The hurdle model and ZIP give very similar prediction
We can use likelihood ratio (LRT) test to compare nested models. Consider a simplied model, where the Poisson model uses predictors fem, kid5, and ment and the Bernoulli model uses predictor ment.

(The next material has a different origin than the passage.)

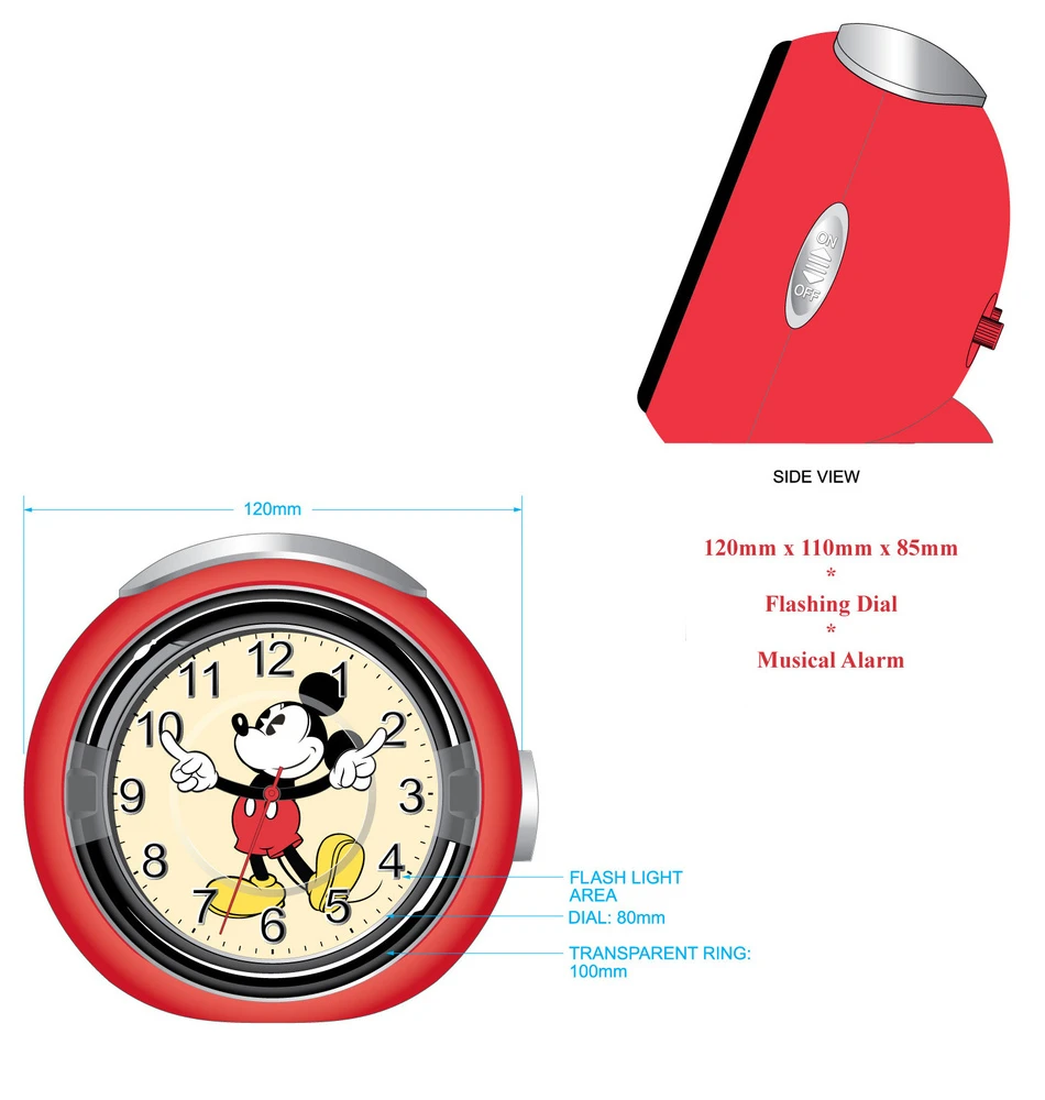 The Original Mickey Mouse Collection Table Clock features light up numbers and a musical alarm that plays the original Mickey Mouse Tune. Makes the perfect gift for Mickey Mouse fans.
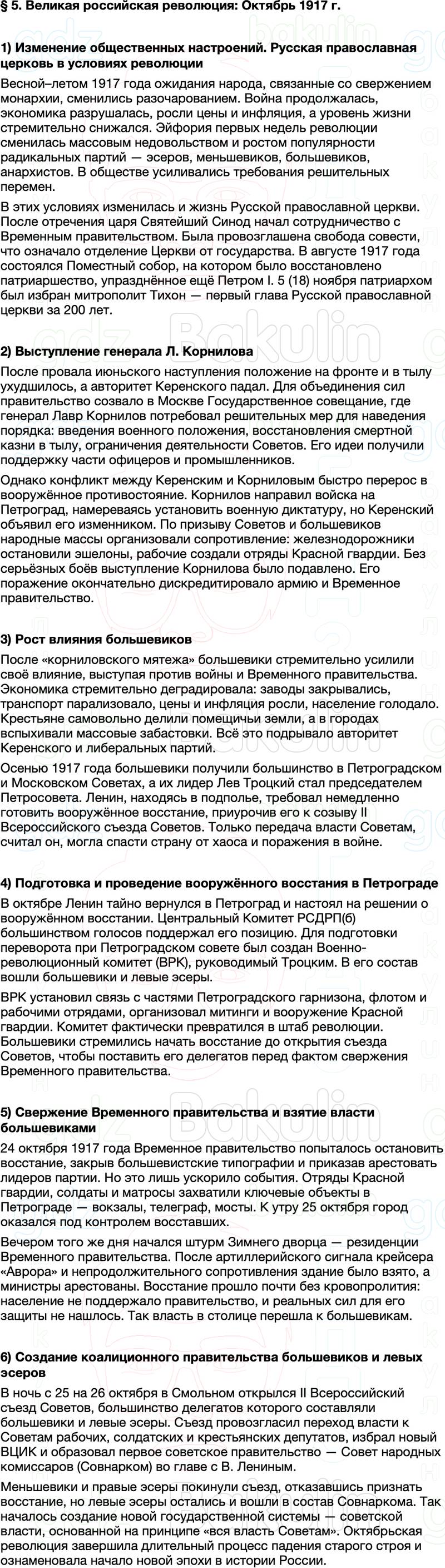 Правильный ответ к заданию из Краткий пересказ содержание История России 10 класс Мединский, Торкунов 2025 Параграф, номер 5 бесплатно онлайн

modz2 <-zeroinfl(art ~ fem + kid5 + ment | ment, data = bioChemists)summary(modz2)
Call:
zeroinfl(formula = art ~ fem + kid5 + ment | ment, data = bioChemists)
Pearson residuals:
Min 1Q Median 3Q Max
-2.2802 -0.8807 -0.2718 0.5131 7.4788
Count model coefficients (poisson with log link):
Estimate Std. Error z value Pr(>|z|)
(Intercept) 0.694517 0.053025 13.098 < 2e-16 ***
femWomen -0.233857 0.058400 -4.004 6.22e-05 ***
kid5 -0.126516 0.039668 -3.189 0.00143 **
ment 0.018004 0.002224 8.096 5.67e-16 ***
Zero-inflation model coefficients (binomial with logit link):
Estimate Std. Error z value Pr(>|z|)
(Intercept) -0.68488 0.20529 -3.336 0.000849 ***
ment -0.12680 0.03981 -3.185 0.001448 **
---
Signif. codes: 0 '***' 0.001 '**' 0.01 '*' 0.05 '.' 0.1 ' ' 1
Number of iterations in BFGS optimization: 13
Log-likelihood: -1608 on 6 Df
The LRT yields a large p-value, indicating the smaller model is justifiable.